Tweeting Beer Dispenser Requires Co-worker Approval

tweeting-beer-dispenser

Having been faced with an empty beer fridge one too many times the team at Metalworks came up with an approval system for dispensing malted beverages. The trick was to remove the physical controls on a can dispenser. The only way you can get a cold one is to ask the machine via its twitter account. If there’s beer inside, it waits for one of your approved co-workers to give the go-ahead.

There are two versions of the machine. The first is a hacked refrigerator with a dispenser hole cut in the door. This resides in their Sydney office, apparently doesn’t work all that well, and is only shown in the video after the break.

The image above is version 2.0 which is located at their Singapore branch. It’s a much smaller device, but works very well since it started as a commercially available can dispenser. You can see the Arduino Leonardo and breadboard which make up the driver circuits.

There aren’t a ton of details on this, but it’s not hard to find about a million examples of an Arduino using Twitter.

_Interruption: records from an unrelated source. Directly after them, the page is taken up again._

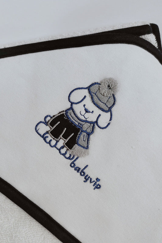 Accappatoio in spugna a triangolo con inserto ricamato cagnolino
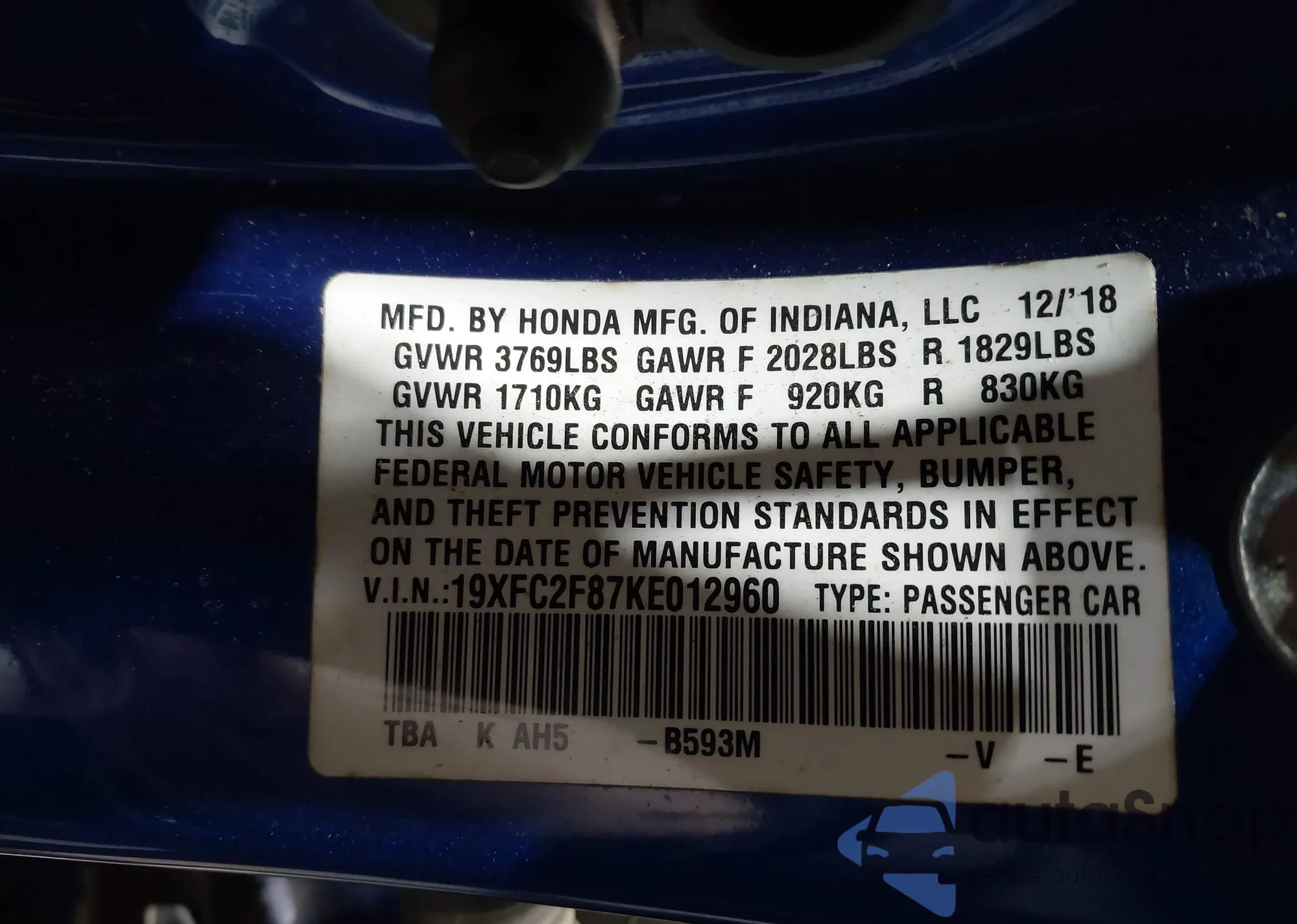 • VIN 19XFC2F87KE012960
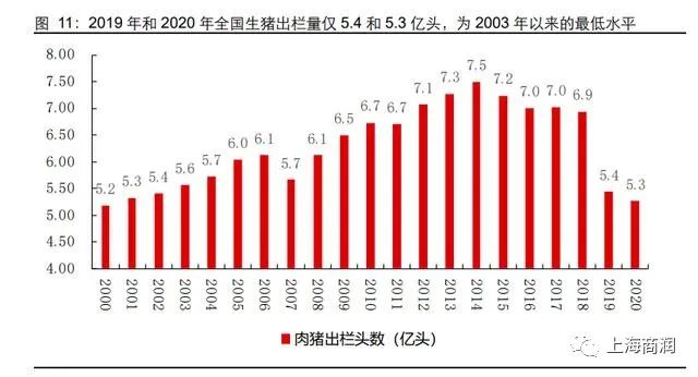 豬飼料產量的數據也一定程度上能反映不同周期生豬產能去化幅度,2019年全國豬飼料產量為7663萬噸,同比減少26.6%,在前三輪豬周期中,2006年和2007年豬飼料產量同比僅減少5.5%和0.35%,2015年豬飼料產量同比僅減少3.2%。受能繁母豬產能大幅去化影響,2019年和2020年全國生豬出欄量僅5.4和5.3億頭,為2003年以來的最低水平,較豬價上漲周期啟動前的2018年減少21.6%和24.0%,而在前三輪豬周期中,出欄量最低的年份,即2007年、2011年和2016年,全國生豬出欄量較豬價上漲前的出欄高峰僅減少7.5%、0.4%和6.5%。
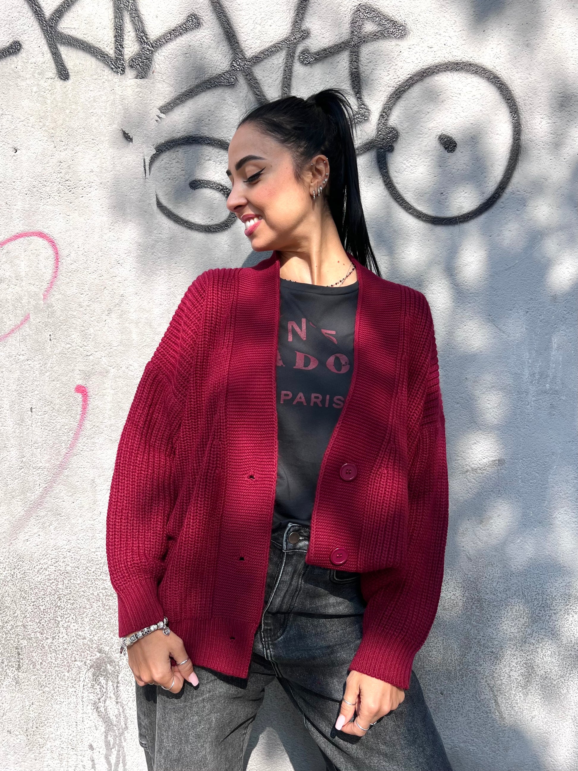 SUSY MIX CARDIGAN SCOLLO V BOTTONI YARI BURGUNDY

Here’s one that takes Morse code as an input and posts the message as a Tweet.

http://www.youtube.com/watch?v=OapSmcw7MmY

6 thoughts on “Tweeting Beer Dispenser Requires Co-worker Approval

  1. Thanks for the write-up, Mike. The trick was to use a Rails app to handle some of the more complex authorisation and parsing of Twitter’s realtime Stream API – all of this proved too complex for Arduino.

    Another learning is that JSON parsing of the Cosm.com (formerly Pachube) API via Arduino’s HTTPClient is buggy. The HTTP headers can be difficult to parse reliably, so we’ve found that MQTT via Cosm is a much more reliable, stable protocol for basic InternetOfThings communications.

  2. Wow, nice build. First thing, however, is how can I get a job at this place where you can drink beer at work? It takes care of one of the three aspects of my perfect job. Now, if you tell me they sit on the couch and play video games, then it would be my perfect job (taking care of the other two aspects of the perfect job).
    Thanks for the heads up on Cosm also.